Work to complete.
Reproduce the listing that follows in full. Omit its images.
======== Data shown ========
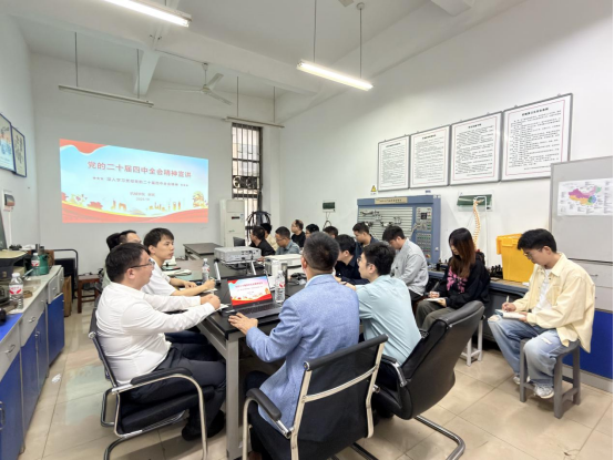 11月6日下午,机械学院党委副书记谢武以《党的二十届四中全会精神宣讲》为主题,在机械楼南103为流体动力与智能控制福建省重点实验室党支部的全体党员上专题党课。
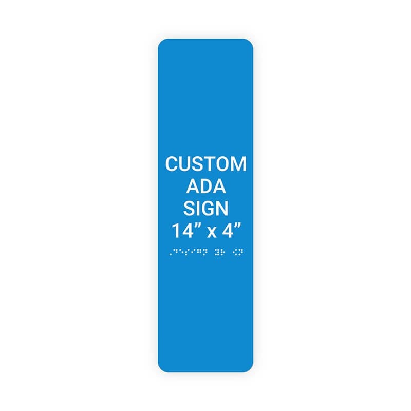 This Vertical ADA sign adheres to the following ADA guidelines: Braille must be centered directly under the text, but must have at least 5/8" space on both sides Text should be in ALL CAPS (unless explaining directions) and should be in block type font (Helvetica, Arial, etc.) Text must not be more than 2" tall and must be at least 5/8" tall The Vertical ADA Sign follows proper ADA guidelines and is vital to your home or business. Order your Vertical ADA sign now!
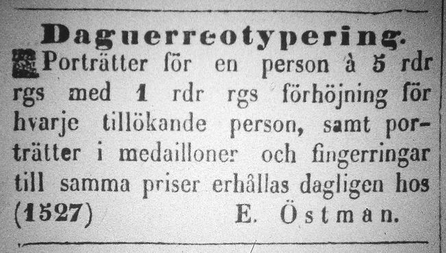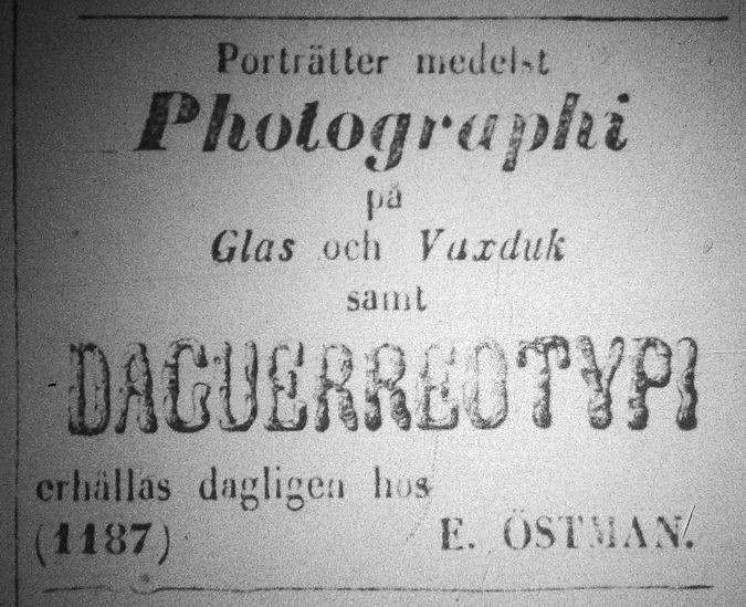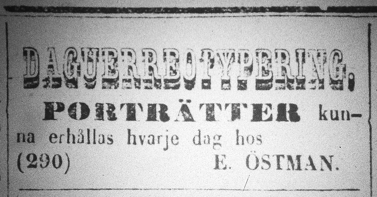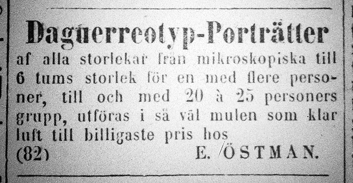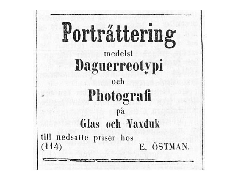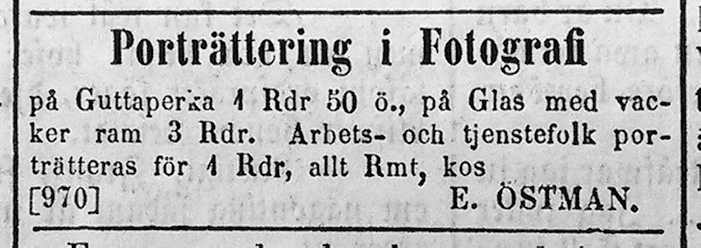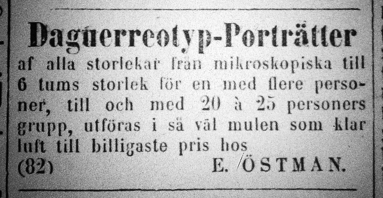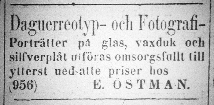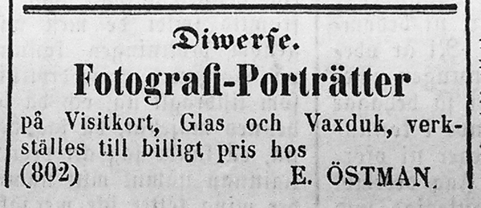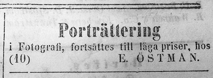 E. Östman annons i Norrlandsposten den 18 februari 1856.
========
Solution for this problem.
 11月6日下午,机械学院党委副书记谢武以《党的二十届四中全会精神宣讲》为主题,在机械楼南103为流体动力与智能控制福建省重点实验室党支部的全体党员上专题党课。
 This Vertical ADA sign adheres to the following ADA guidelines: Braille must be centered directly under the text, but must have at least 5/8" space on both sides Text should be in ALL CAPS (unless explaining directions) and should be in block type font (Helvetica, Arial, etc.) Text must not be more than 2" tall and must be at least 5/8" tall The Vertical ADA Sign follows proper ADA guidelines and is vital to your home or business. Order your Vertical ADA sign now!
 E. Östman annons i Norrlandsposten den 18 februari 1856.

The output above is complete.